Stored records
┌──

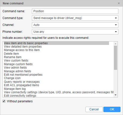 Some commands require additional parameters. It can be, for instance, the input/output number, report interval, etc. These parameters can be set when configuring the command, and in this case, they are applied automatically each time when the command is being executed. Thus, several commands with different parameters and link types can be created on the basis of one command type. However, it is not obligatory to set parameters when creating a command, because you can indicate them during the execution manually. To do so, mark the checkbox Without parameters. It is impossible to change parameters (as well as connection type or phone number) if they are set.
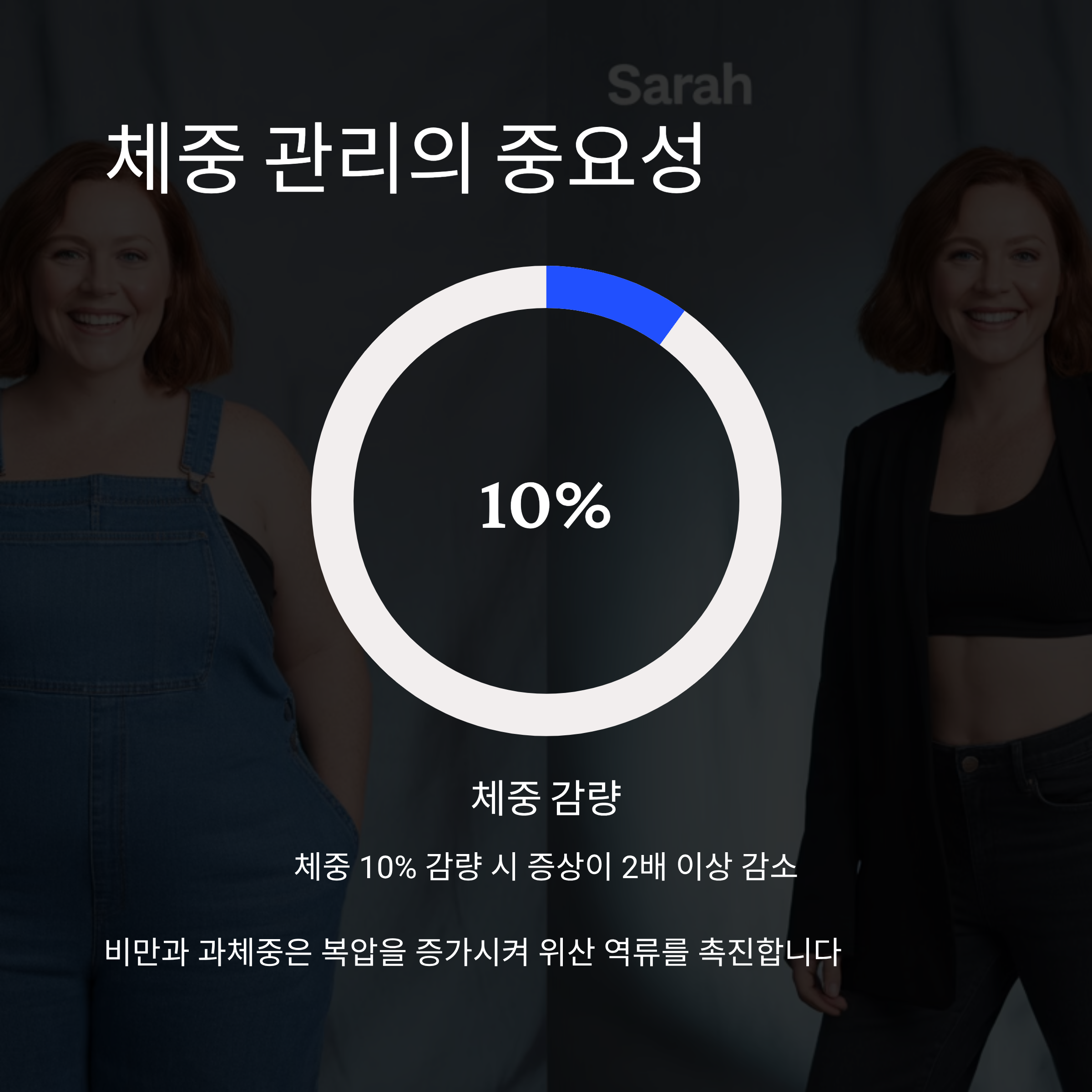 체중 10% 감량 시 증상이 2배 이상 감소한다는 연구결과가 있습니다. 비만과 과체중은 복압을 증가시켜 위산 역류를 촉진하므로 체중 관리가 필수입니다.
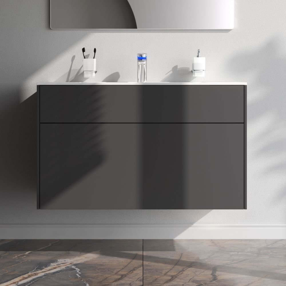 База под раковину Am.Pm (Ам.Пм) Inspire V2.0, подвесная, 100 см 3 ящика, push-to-open, графит матовый, M50AFHX1003GM
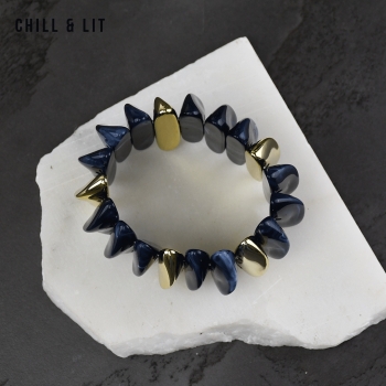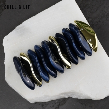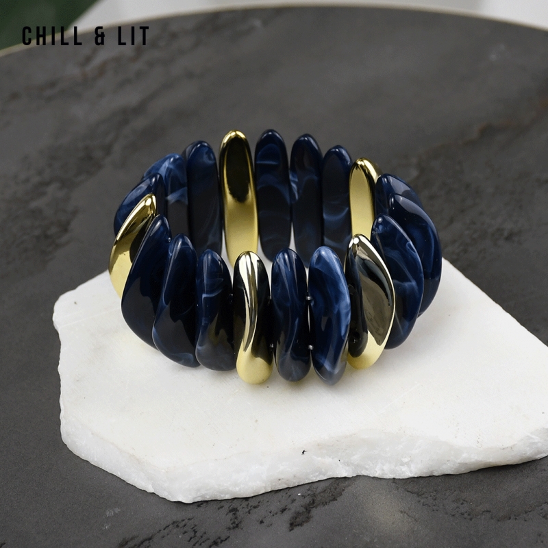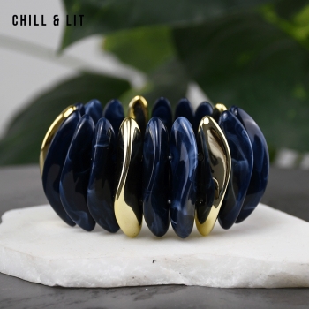 Bracelet élégant Composé de Perles Plates Brillantes avec de Perles Dorées en Séparation, avec un fil élastiqué. Il apporte une Touche Discrète et Lumineuse à toutes vos tenues.
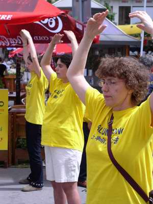 一些学员在布尔诺市主要的公园-鲁赞克伊(Luzanky)公园每周四次教功,他们遇到许多来学功的人们,人数不同寻常。他们向人们介绍了何处可以找到炼功点。很令人鼓舞的是我们看到五个学生也加入了学功的行列,并和学员们一起在大街上打坐。
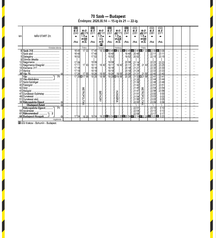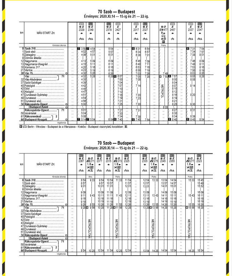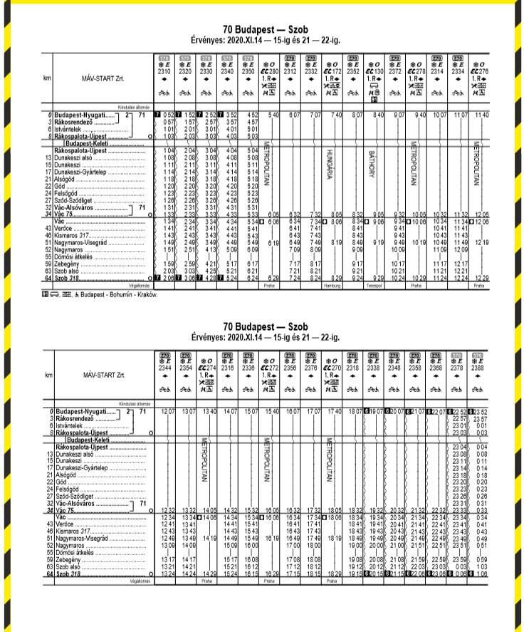 A MÁV-START Zrt. tájékoztatása szerint 2020. november 14-én, 15-én és 21-én, 22-én Nagymaros – Szob állomások között végzett pályakarbantartási munkák miatt a 70. sz. Budapest – Szob vasútvonalon a mellékletben szereplő vonatok módosított menetrend szerint közlekednek.
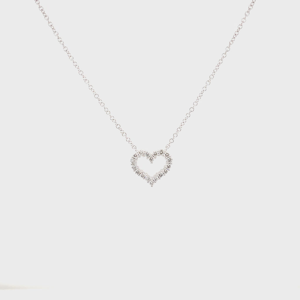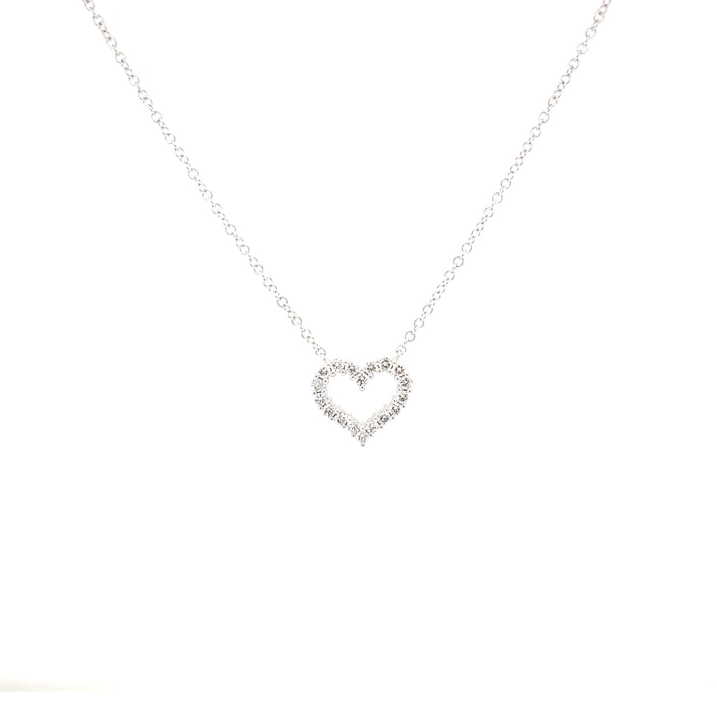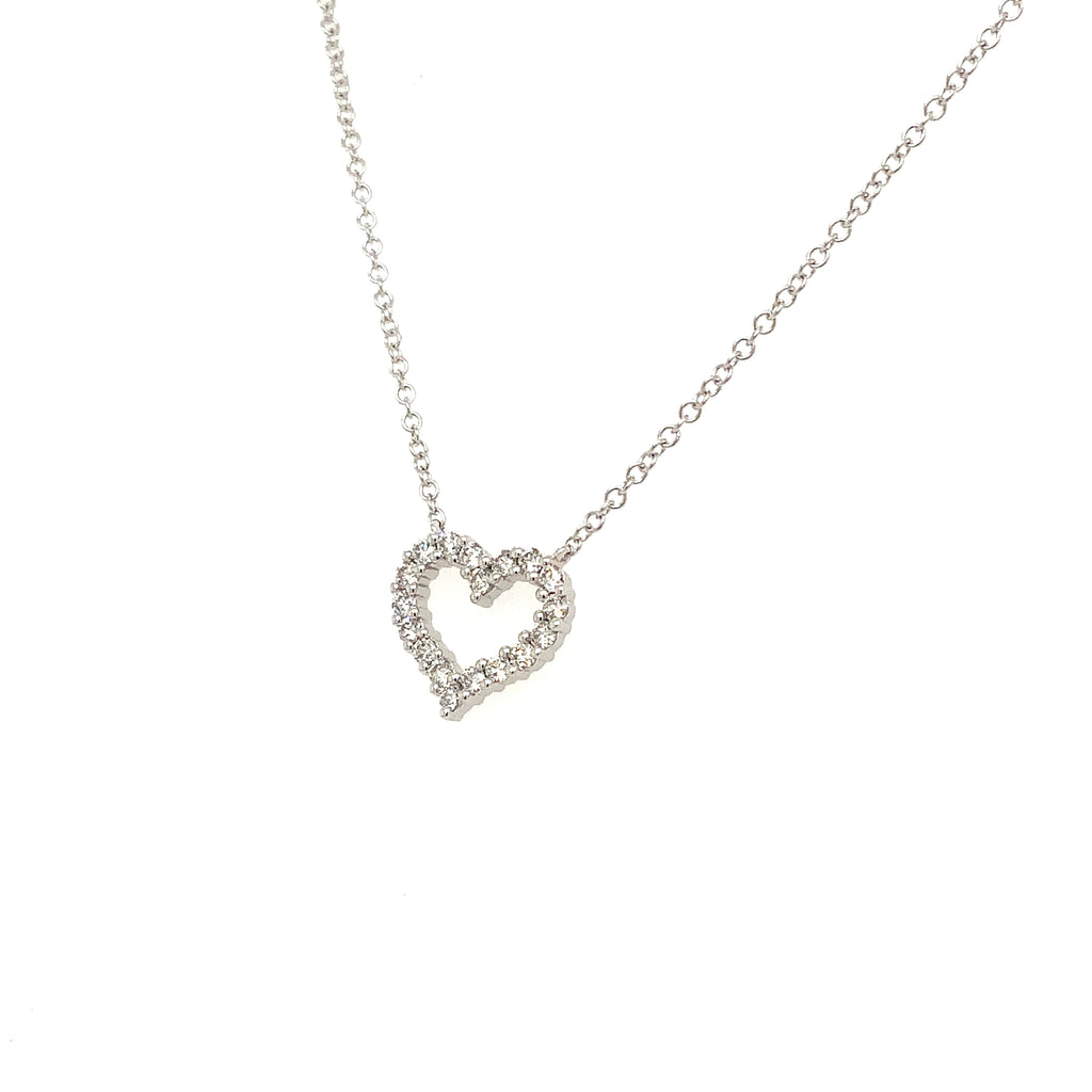 Roman+Jules Small Heart Shape Diamond Necklace set in 14K White Gold.
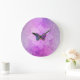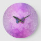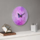 Large Wall Clock - Energy Enhanced by Anna Rosa: === Mystical Beautiful Abstract Watercolor Celestial Textures Sounded by Magenta Pink Purple Lavender Faux Glitter Topped with an elaborate white meditative Mandala with a Gold gilded and Blue Turquoise Magenta and Pink Butterfly.
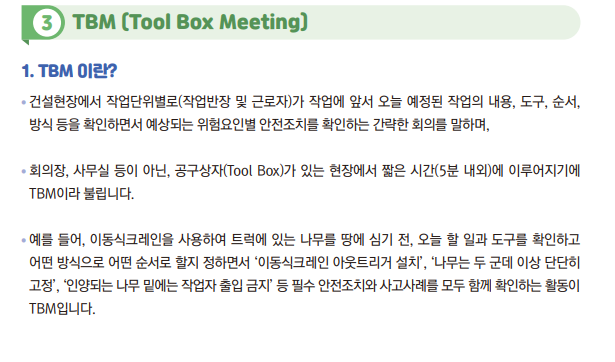 TBM(Tool Box Meeting)은 작업 전 실시하는 안전점검회의로, 관리감독자를 중심으로 근로자들이 모여 작업 내용을 확인하고, 안전 작업 절차를 의논하는 활동입니다.
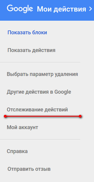 Теперь отключаем виды отслеживаний. Менюшка слева и там выберите "Отслеживание действий".
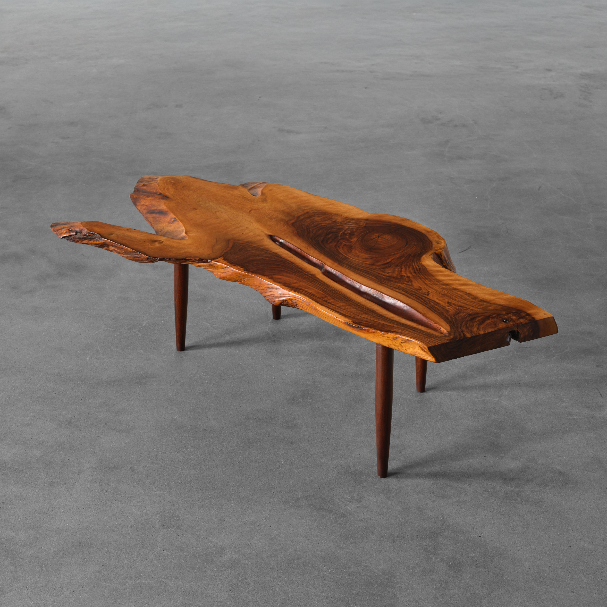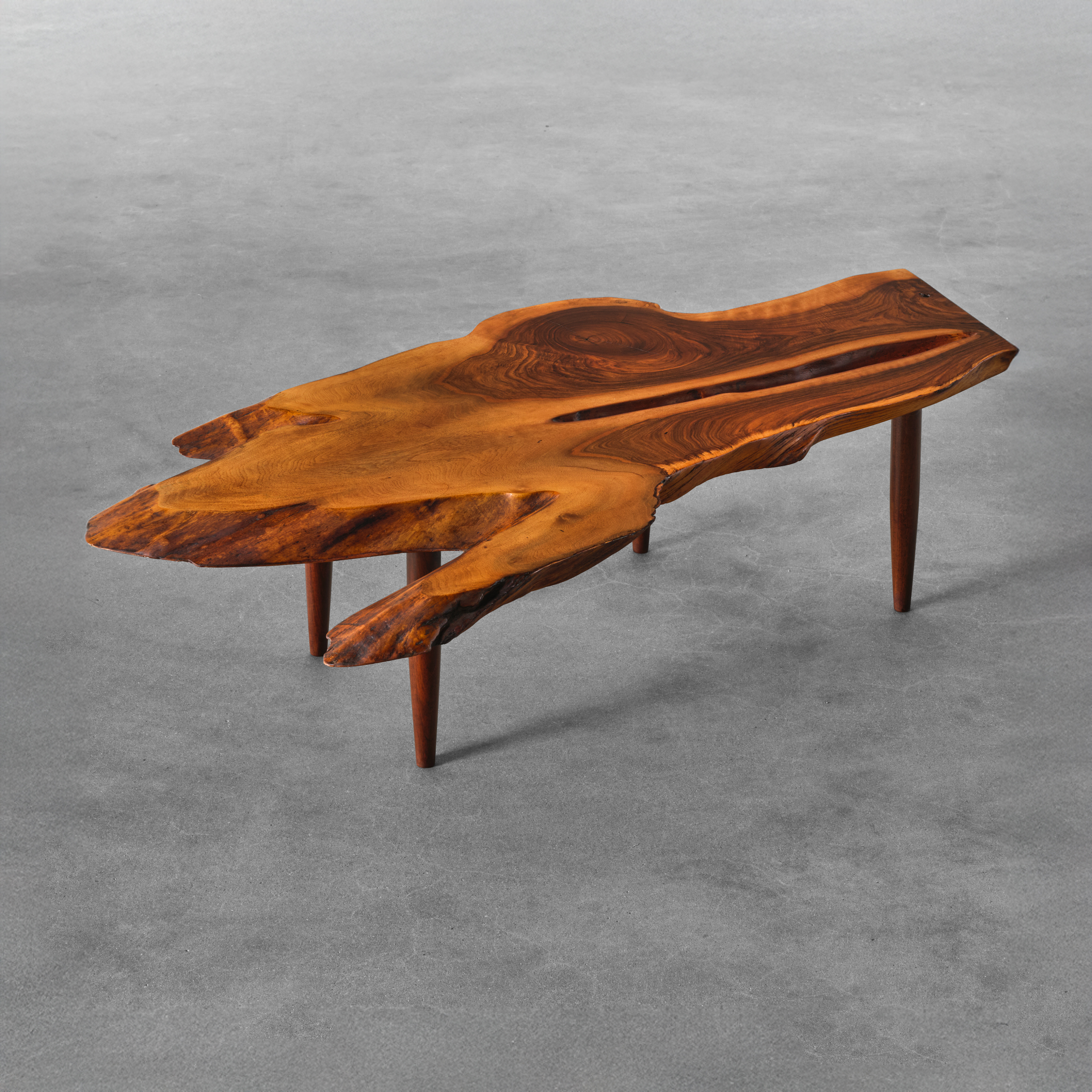 Mira Nakashima, on reflecting on the conceptual basis of the Slab style coffee table, notes the works were “designed to express the character of a particular slab. Crotch figures, knots, rotted-out sections, and interesting profiles are used as expressions and not considered defects” (‘Nature, Form, and Spirit’, Mira Nakashima, 2003, p. 106).

└──

Each record above needs to be transcribed word for word, with its pictures omitted.

 Some commands require additional parameters. It can be, for instance, the input/output number, report interval, etc. These parameters can be set when configuring the command, and in this case, they are applied automatically each time when the command is being executed. Thus, several commands with different parameters and link types can be created on the basis of one command type. However, it is not obligatory to set parameters when creating a command, because you can indicate them during the execution manually. To do so, mark the checkbox Without parameters. It is impossible to change parameters (as well as connection type or phone number) if they are set.
 체중 10% 감량 시 증상이 2배 이상 감소한다는 연구결과가 있습니다. 비만과 과체중은 복압을 증가시켜 위산 역류를 촉진하므로 체중 관리가 필수입니다.
 База под раковину Am.Pm (Ам.Пм) Inspire V2.0, подвесная, 100 см 3 ящика, push-to-open, графит матовый, M50AFHX1003GM
 Bracelet élégant Composé de Perles Plates Brillantes avec de Perles Dorées en Séparation, avec un fil élastiqué. Il apporte une Touche Discrète et Lumineuse à toutes vos tenues.
 一些学员在布尔诺市主要的公园-鲁赞克伊(Luzanky)公园每周四次教功,他们遇到许多来学功的人们,人数不同寻常。他们向人们介绍了何处可以找到炼功点。很令人鼓舞的是我们看到五个学生也加入了学功的行列,并和学员们一起在大街上打坐。
 A MÁV-START Zrt. tájékoztatása szerint 2020. november 14-én, 15-én és 21-én, 22-én Nagymaros – Szob állomások között végzett pályakarbantartási munkák miatt a 70. sz. Budapest – Szob vasútvonalon a mellékletben szereplő vonatok módosított menetrend szerint közlekednek.
 Roman+Jules Small Heart Shape Diamond Necklace set in 14K White Gold.
 Large Wall Clock - Energy Enhanced by Anna Rosa: === Mystical Beautiful Abstract Watercolor Celestial Textures Sounded by Magenta Pink Purple Lavender Faux Glitter Topped with an elaborate white meditative Mandala with a Gold gilded and Blue Turquoise Magenta and Pink Butterfly.
 TBM(Tool Box Meeting)은 작업 전 실시하는 안전점검회의로, 관리감독자를 중심으로 근로자들이 모여 작업 내용을 확인하고, 안전 작업 절차를 의논하는 활동입니다.
 Теперь отключаем виды отслеживаний. Менюшка слева и там выберите "Отслеживание действий".
 Mira Nakashima, on reflecting on the conceptual basis of the Slab style coffee table, notes the works were “designed to express the character of a particular slab. Crotch figures, knots, rotted-out sections, and interesting profiles are used as expressions and not considered defects” (‘Nature, Form, and Spirit’, Mira Nakashima, 2003, p. 106).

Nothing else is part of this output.